A faithful transcription of all the data, images excluded, is the required answer.

**** SOURCE MATERIAL ****

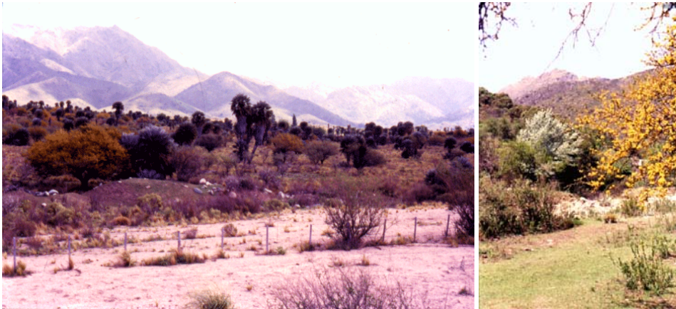
Zona del palmeral de Papagayos, San Luis, en septiembre; espinillo florecido; caranday (palmeras) vestidas.
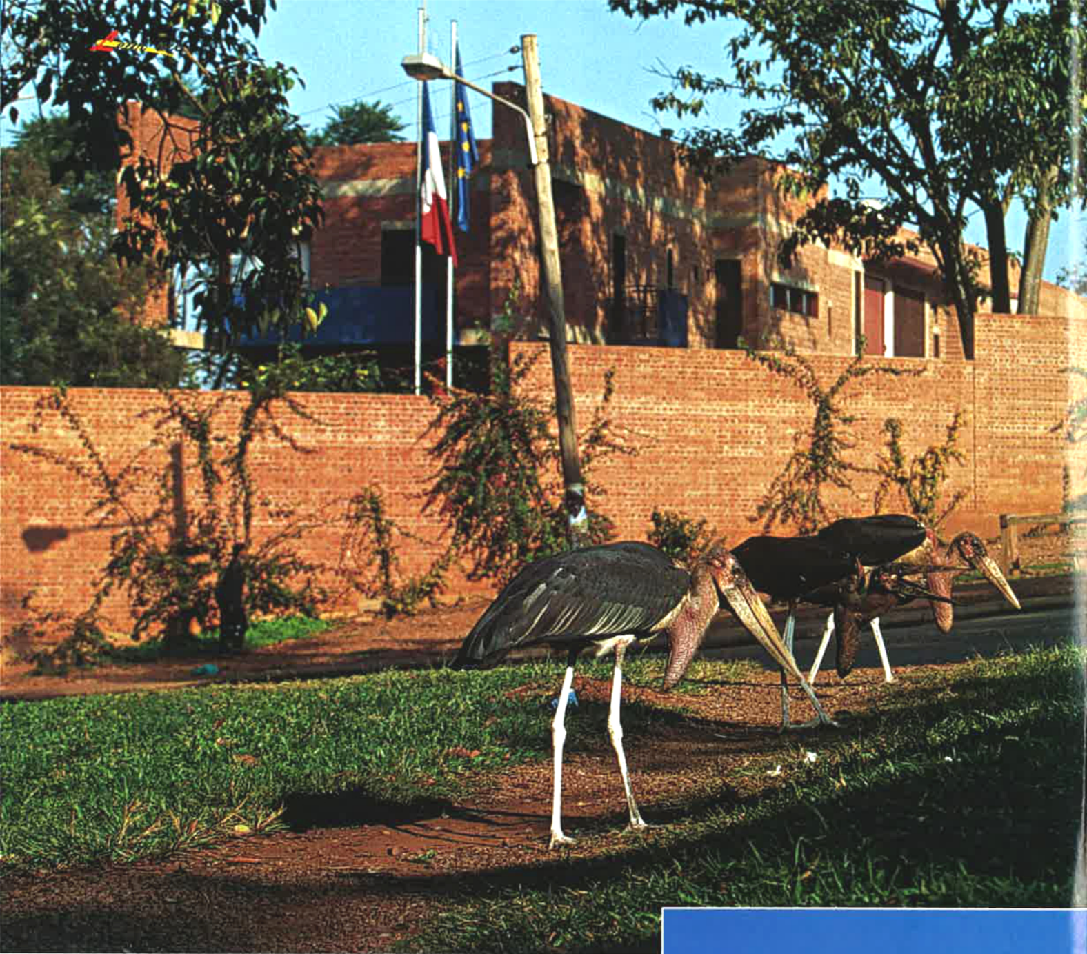
△ DANS LA RUE QUI PASSE devant l'Ambassade de France, trois marabouts se gavent de fourmis ailées.
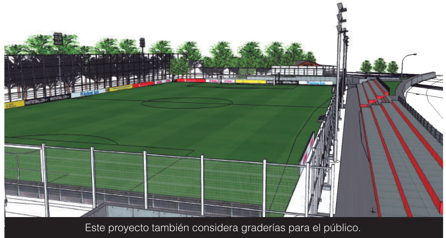
Este proyecto también considera graderías para el público.
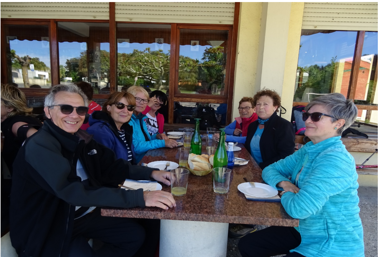
Eta zein gustura dagoen tipo hau emkumez inguratirik
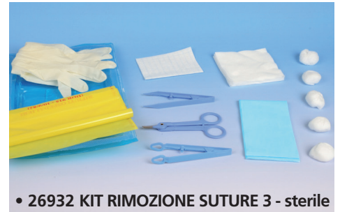
• 26932 KIT RIMOZIONE SUTURE 3 - sterile
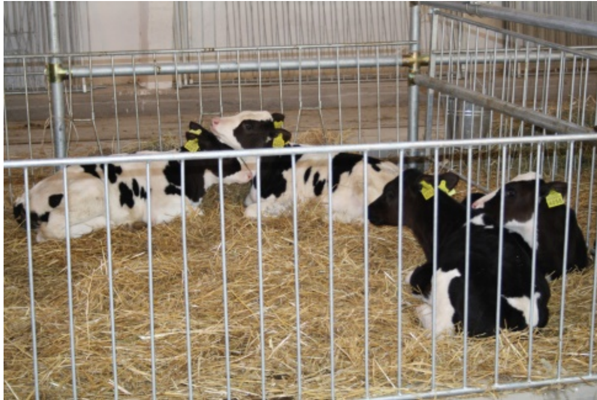
Безприв'язне утримання у боксах на глибокій підстилці
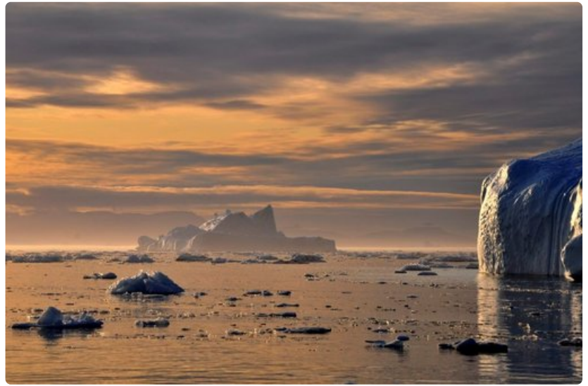
Vuodenaajasta riippumatta rannikolla ajelehtii jäävuoria.
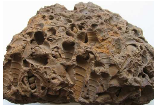
Abb. 32: Rabensteinfelder Turritellengestein, Conrade, Länge 20cm, leg., Slg. und Foto: S. Polkowsky
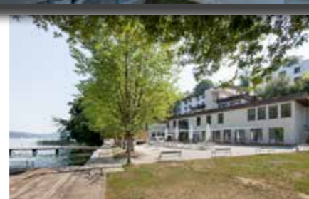
Stege, Liegewiese, Beachvolleyballplatz
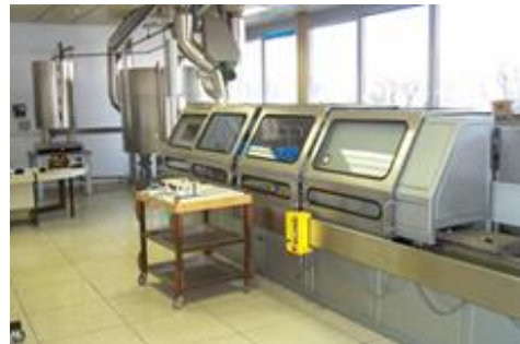
Slika 2: Preskusni pult - Volukal

Računske enote kontroliramo na napravi Kompukal, kamor se priključi računska enota. Pri kontroli se iz naprave generira temperaturna razlika dovoda in povratka ter pretok, kot v realnih pogojih delovanja. Preko izhodnega signala iz računske enote sprejemamo izmerjeno vrednost toplotne energije v času kontrole za vsako posamezno meritev.
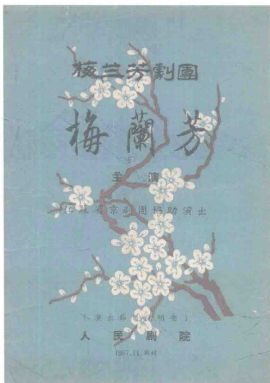
1957年梅兰芳在郑州人民剧院演出戏单
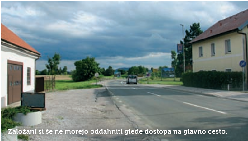
Založani si še ne morejo oddahniti glede dostopa na glavno cesto.

tno potekajo dogovori glede odkupa zemljišč. Na prednostni listi je tudi osvetlitev prehoda za pešce pri Osnovni šoli Prestranek.
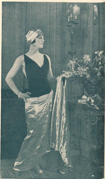
LEATRICE JOY dans LE RÉQUISITOIRE
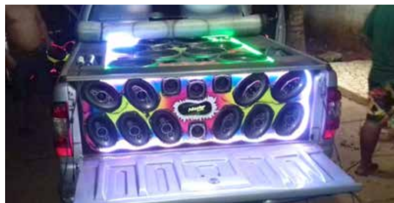
Som automotivo

colocação de competições ou mostras desta categoria no calendário programado, para buscar turismo na cidade de Arroio do Sal junto aos já vários outros eventos programados pela municipalidade. Portanto considera sua demanda um assunto de ganhos coletivos para a cidade. E eventual perturbação do sossego alheio por parte do volume alto destes mesmos aparatos de som automotivos não foi citada.
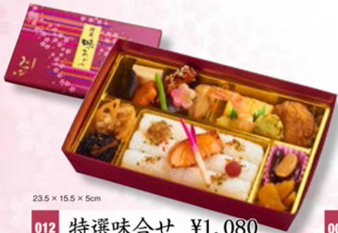
23.5 × 15.5 × 5cm

金色の華やかなお箱に、煮物・焼物・揚げ物をすべて盛り込んだ代表作の一つ。その名の通り「花」のあるお弁当です。
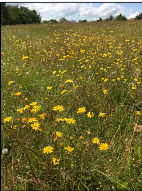
Høgeskæg på areal ved Tulstrupvej

I sommeren 2020 viste arealet et stort potentiale for at udvikle sig til blomstereng. Arter som almindelig røllike, høgeskæg og liden klokke farvede arealet i mosaikker af grønt rødbrunt, hvidt, gult og blå. Arealet er nu udlagt til naturgræs og bliver slået 1 gang i sensommeren med opsamling.
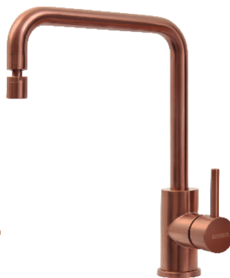
Rose Gold Ref.: 94520/412
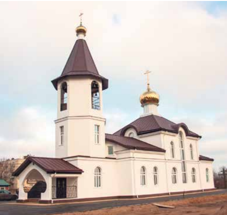
Храм в честь Святого благоверного князя Александра Невского в поселке Романовка
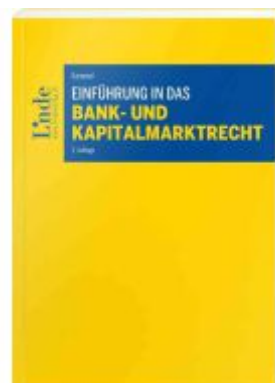
Einführung in das Bank- und Kapitalmarktrecht Ladenpreis: 62,00EUR
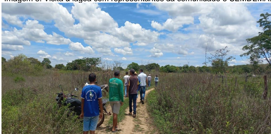
Imagem 8. Visita à lagoa com representantes da comunidade e SEMDEMA.
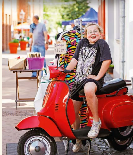
Der Dorftrödel ist immer für ein Schnäppchen gut! (Wir sprechen hier natürlich von der Vespa, d. Red.)
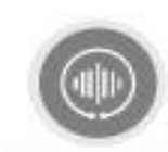
编译器 毕昇编译器
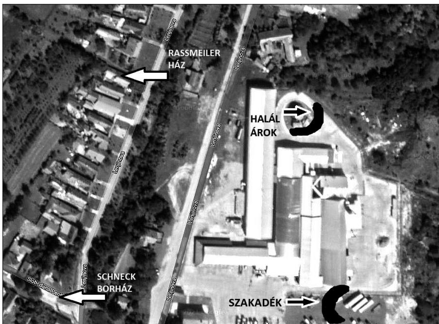
2. helyszínrajz. A szakadék feltételezett helye a cservenkai téglagyárban.

Forrás: A google maps alapján a szerző által készített helyszínrajz. https://www.google.com/maps/place/Cservenka,+Szerbia/@45.6605428,19.4727592,310m/data=!3m1!1e3!4m5!3m4!1s0x-475ca9b83a9d4eef:0x69b5bf754f443289!8m2!3d45.6584711!4d19.4560093. / .
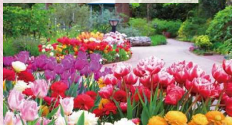
春のウォーターガーデン
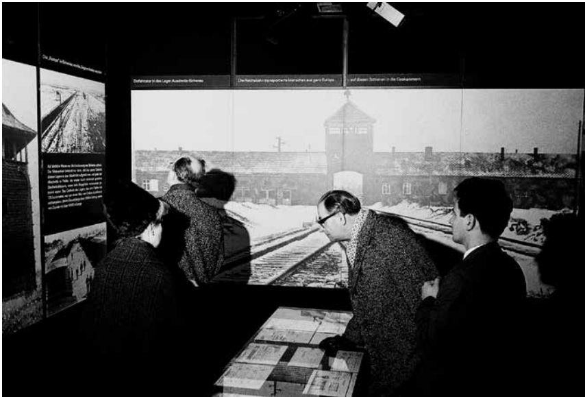
Abb. 2: An der Erarbeitung und Präsentation der Ende 1964 in der Frankfurter Paulskirche gezeigten, viel beachteten Ausstellung Auschwitz – Bilder und Dokumente hatten ehemalige Häftlinge wesentlichen Anteil.
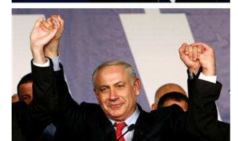
T. Livni et B. Nétayahou
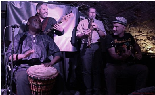
Le concert au Stage de février

L'association Laagm Taaba est heureuse de vous annoncer que nous avons récolté 5800 euros pour la mise en place de notre projet agricole. Un très grand merci à vous tous pour votre soutien, vous avez été une cinquantaine de donateurs. Nous souhaitons également remercier nos partenaires, dont 3 structures pour leur soutien financier, l'ONG Alizeta, l'association Helping Hands et l'ONG ADE, mais aussi le café théâtre « the stage » qui nous a accueilli pour organiser une soirée-concert de levée de fonds, ainsi que plusieurs médias qui nous ont permis de communiquer sur la campagne, dont Africaraiibe 06, France bleu Azur, Nice Matin et TMC.
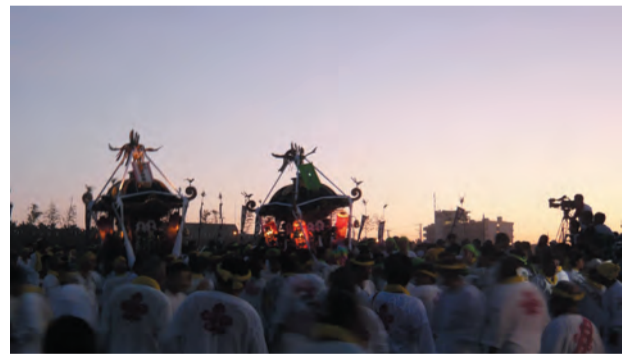
TVカメラも追う、諏訪一番御輿の勇壮な練り歩き

き、その後トラックとバスに分乗し茅ヶ崎の西浜前の道路に集結。浜降祭は心身の罪やけがれを清める「みそぎ」の神事を行うため、海中への渡御が行われることでも有名ですが、今年は波が高く危険な状況。それでも午前四時、夜明け前に浜降祭の一番御輿となった諏訪御輿は、波打ち際を波に洗われながらも「どっこい、どっこい」と浜降祭神輿独特の掛け声も勇ましく砂浜狭しと勇壮に練り歩きました。
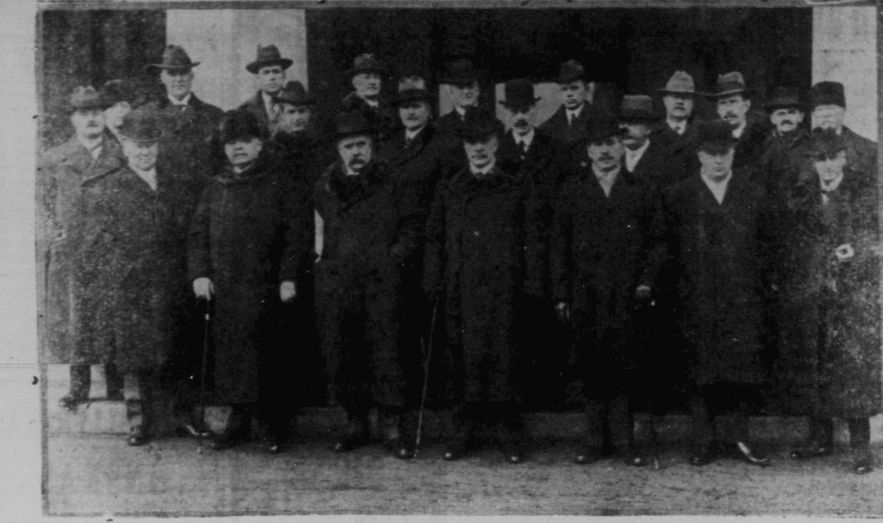
Från premiärministrarnes nylig en hållna möte i Ottawa.
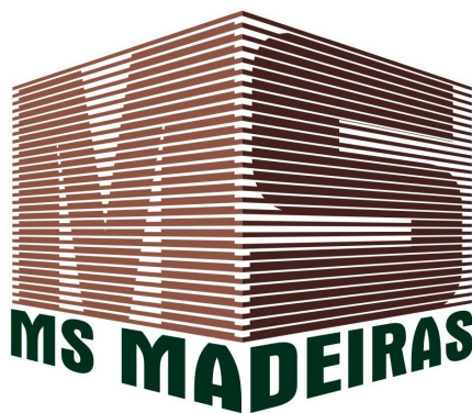
Figura 3: Marca da empresa - MS Madeiras

A diagramação do nome da empresa também é representada em perspectiva, seguindo o sentido da parte superior para que tenha unidade na marca.
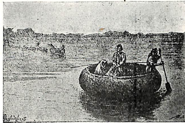
ՆԱԽԱՐԿՈՒԹՅՈՒՆ ՏԻԳՐԵՍԻ ՎՐԱՅ

Հազիւ Տէիրմէն-Տէրէ (48) գետը անցած՝ երիտասարդութիւնը՝ ծաղկած սարաւանդներն ի վեր կը մագլցէր: Անոնց կանանց գարունները պառաւնալէ վախ չունէին, իրենց անծալ ճակատները արեւին կուտային, բարբիտն ծաղիկներէ երփներանգ պսակներ կը
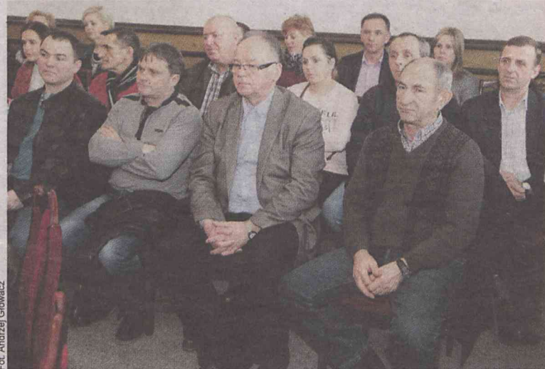
Sołtysi przysłuchiwali się obradom

Gdyby zaistniała sytuacja braku miejsca w przedszkolu i oddziałach przedszkolnych w szkołach podstawowych, w klasach pierwszych w szkołach podstawowych czy gimnazjum, radni podjęli uchwałę, w której określili kryteria
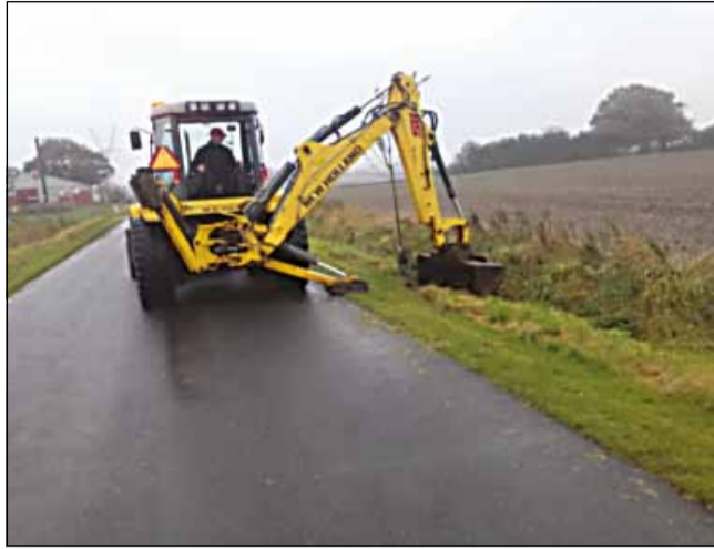
Så er de store maskiner i gang igen i Hjerndrup

Med penge tilovers fra sidste års pulje afholdes derfor en Informationsaften den 29. november i Hjerndrup Sognegård vedrørende penge i overskud fra borgerbudgettering 2016.
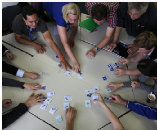
Beim CERN-Workshop im Oktober testeten Lehrkräfte die Lernmethoden mit den neuen Elementarteilchen-Steckbriefen.

Auf der Webseite www.teilchenwelt.de/material/materialien-fuer-lehrkraefte sind brandneue Materialien zur Teilchenphysik zu finden. Beispielsweise ist eine Anleitung und Informationen zum Selbstbau einer Nebelkammer online, sowie Handouts für Masterclasses.
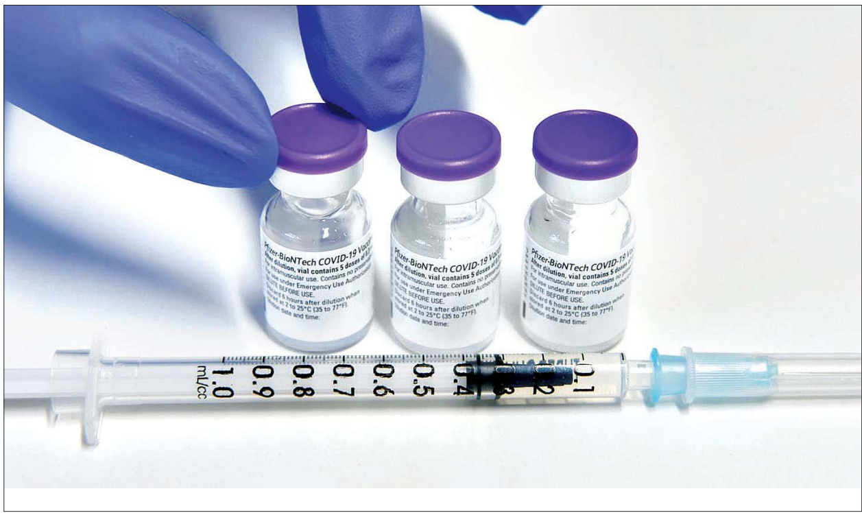
ဂျာမနီနိုင်ငံ ဖရေဆင်ရှိ ကိုဗစ်ကာကွယ်ဆေးထိုးဌာနတွင် ဖိုက်ဇာဘိုင်ရွန်တက်ခီကာကွယ်ဆေးများကို တွေ့ရစဉ်။
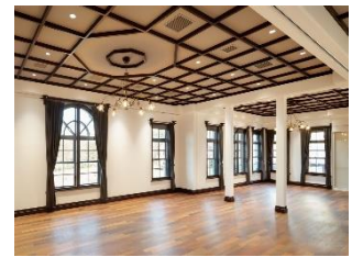
旧陸軍金沢偕行社(2F 多目的室)

****

**WRITTEN SOLUTION:**
Zona del palmeral de Papagayos, San Luis, en septiembre; espinillo florecido; caranday (palmeras) vestidas.
△ DANS LA RUE QUI PASSE devant l'Ambassade de France, trois marabouts se gavent de fourmis ailées.
Este proyecto también considera graderías para el público.
Eta zein gustura dagoen tipo hau emkumez inguratirik
• 26932 KIT RIMOZIONE SUTURE 3 - sterile
Безприв'язне утримання у боксах на глибокій підстилці
Vuodenaajasta riippumatta rannikolla ajelehtii jäävuoria.
Abb. 32: Rabensteinfelder Turritellengestein, Conrade, Länge 20cm, leg., Slg. und Foto: S. Polkowsky
Stege, Liegewiese, Beachvolleyballplatz
Slika 2: Preskusni pult - Volukal

Računske enote kontroliramo na napravi Kompukal, kamor se priključi računska enota. Pri kontroli se iz naprave generira temperaturna razlika dovoda in povratka ter pretok, kot v realnih pogojih delovanja. Preko izhodnega signala iz računske enote sprejemamo izmerjeno vrednost toplotne energije v času kontrole za vsako posamezno meritev.
1957年梅兰芳在郑州人民剧院演出戏单
Založani si še ne morejo oddahniti glede dostopa na glavno cesto.

tno potekajo dogovori glede odkupa zemljišč. Na prednostni listi je tudi osvetlitev prehoda za pešce pri Osnovni šoli Prestranek.
LEATRICE JOY dans LE RÉQUISITOIRE
Som automotivo

colocação de competições ou mostras desta categoria no calendário programado, para buscar turismo na cidade de Arroio do Sal junto aos já vários outros eventos programados pela municipalidade. Portanto considera sua demanda um assunto de ganhos coletivos para a cidade. E eventual perturbação do sossego alheio por parte do volume alto destes mesmos aparatos de som automotivos não foi citada.
23.5 × 15.5 × 5cm

金色の華やかなお箱に、煮物・焼物・揚げ物をすべて盛り込んだ代表作の一つ。その名の通り「花」のあるお弁当です。
Høgeskæg på areal ved Tulstrupvej

I sommeren 2020 viste arealet et stort potentiale for at udvikle sig til blomstereng. Arter som almindelig røllike, høgeskæg og liden klokke farvede arealet i mosaikker af grønt rødbrunt, hvidt, gult og blå. Arealet er nu udlagt til naturgræs og bliver slået 1 gang i sensommeren med opsamling.
Rose Gold Ref.: 94520/412
Храм в честь Святого благоверного князя Александра Невского в поселке Романовка
Einführung in das Bank- und Kapitalmarktrecht Ladenpreis: 62,00EUR
Imagem 8. Visita à lagoa com representantes da comunidade e SEMDEMA.
Der Dorftrödel ist immer für ein Schnäppchen gut! (Wir sprechen hier natürlich von der Vespa, d. Red.)
编译器 毕昇编译器
2. helyszínrajz. A szakadék feltételezett helye a cservenkai téglagyárban.

Forrás: A google maps alapján a szerző által készített helyszínrajz. https://www.google.com/maps/place/Cservenka,+Szerbia/@45.6605428,19.4727592,310m/data=!3m1!1e3!4m5!3m4!1s0x-475ca9b83a9d4eef:0x69b5bf754f443289!8m2!3d45.6584711!4d19.4560093. / .
春のウォーターガーデン
Abb. 2: An der Erarbeitung und Präsentation der Ende 1964 in der Frankfurter Paulskirche gezeigten, viel beachteten Ausstellung Auschwitz – Bilder und Dokumente hatten ehemalige Häftlinge wesentlichen Anteil.
T. Livni et B. Nétayahou
Le concert au Stage de février

L'association Laagm Taaba est heureuse de vous annoncer que nous avons récolté 5800 euros pour la mise en place de notre projet agricole. Un très grand merci à vous tous pour votre soutien, vous avez été une cinquantaine de donateurs. Nous souhaitons également remercier nos partenaires, dont 3 structures pour leur soutien financier, l'ONG Alizeta, l'association Helping Hands et l'ONG ADE, mais aussi le café théâtre « the stage » qui nous a accueilli pour organiser une soirée-concert de levée de fonds, ainsi que plusieurs médias qui nous ont permis de communiquer sur la campagne, dont Africaraiibe 06, France bleu Azur, Nice Matin et TMC.
TVカメラも追う、諏訪一番御輿の勇壮な練り歩き

き、その後トラックとバスに分乗し茅ヶ崎の西浜前の道路に集結。浜降祭は心身の罪やけがれを清める「みそぎ」の神事を行うため、海中への渡御が行われることでも有名ですが、今年は波が高く危険な状況。それでも午前四時、夜明け前に浜降祭の一番御輿となった諏訪御輿は、波打ち際を波に洗われながらも「どっこい、どっこい」と浜降祭神輿独特の掛け声も勇ましく砂浜狭しと勇壮に練り歩きました。
Från premiärministrarnes nylig en hållna möte i Ottawa.
Figura 3: Marca da empresa - MS Madeiras

A diagramação do nome da empresa também é representada em perspectiva, seguindo o sentido da parte superior para que tenha unidade na marca.
ՆԱԽԱՐԿՈՒԹՅՈՒՆ ՏԻԳՐԵՍԻ ՎՐԱՅ

Հազիւ Տէիրմէն-Տէրէ (48) գետը անցած՝ երիտասարդութիւնը՝ ծաղկած սարաւանդներն ի վեր կը մագլցէր: Անոնց կանանց գարունները պառաւնալէ վախ չունէին, իրենց անծալ ճակատները արեւին կուտային, բարբիտն ծաղիկներէ երփներանգ պսակներ կը
Sołtysi przysłuchiwali się obradom

Gdyby zaistniała sytuacja braku miejsca w przedszkolu i oddziałach przedszkolnych w szkołach podstawowych, w klasach pierwszych w szkołach podstawowych czy gimnazjum, radni podjęli uchwałę, w której określili kryteria
Så er de store maskiner i gang igen i Hjerndrup

Med penge tilovers fra sidste års pulje afholdes derfor en Informationsaften den 29. november i Hjerndrup Sognegård vedrørende penge i overskud fra borgerbudgettering 2016.
Beim CERN-Workshop im Oktober testeten Lehrkräfte die Lernmethoden mit den neuen Elementarteilchen-Steckbriefen.

Auf der Webseite www.teilchenwelt.de/material/materialien-fuer-lehrkraefte sind brandneue Materialien zur Teilchenphysik zu finden. Beispielsweise ist eine Anleitung und Informationen zum Selbstbau einer Nebelkammer online, sowie Handouts für Masterclasses.
ဂျာမနီနိုင်ငံ ဖရေဆင်ရှိ ကိုဗစ်ကာကွယ်ဆေးထိုးဌာနတွင် ဖိုက်ဇာဘိုင်ရွန်တက်ခီကာကွယ်ဆေးများကို တွေ့ရစဉ်။
旧陸軍金沢偕行社(2F 多目的室)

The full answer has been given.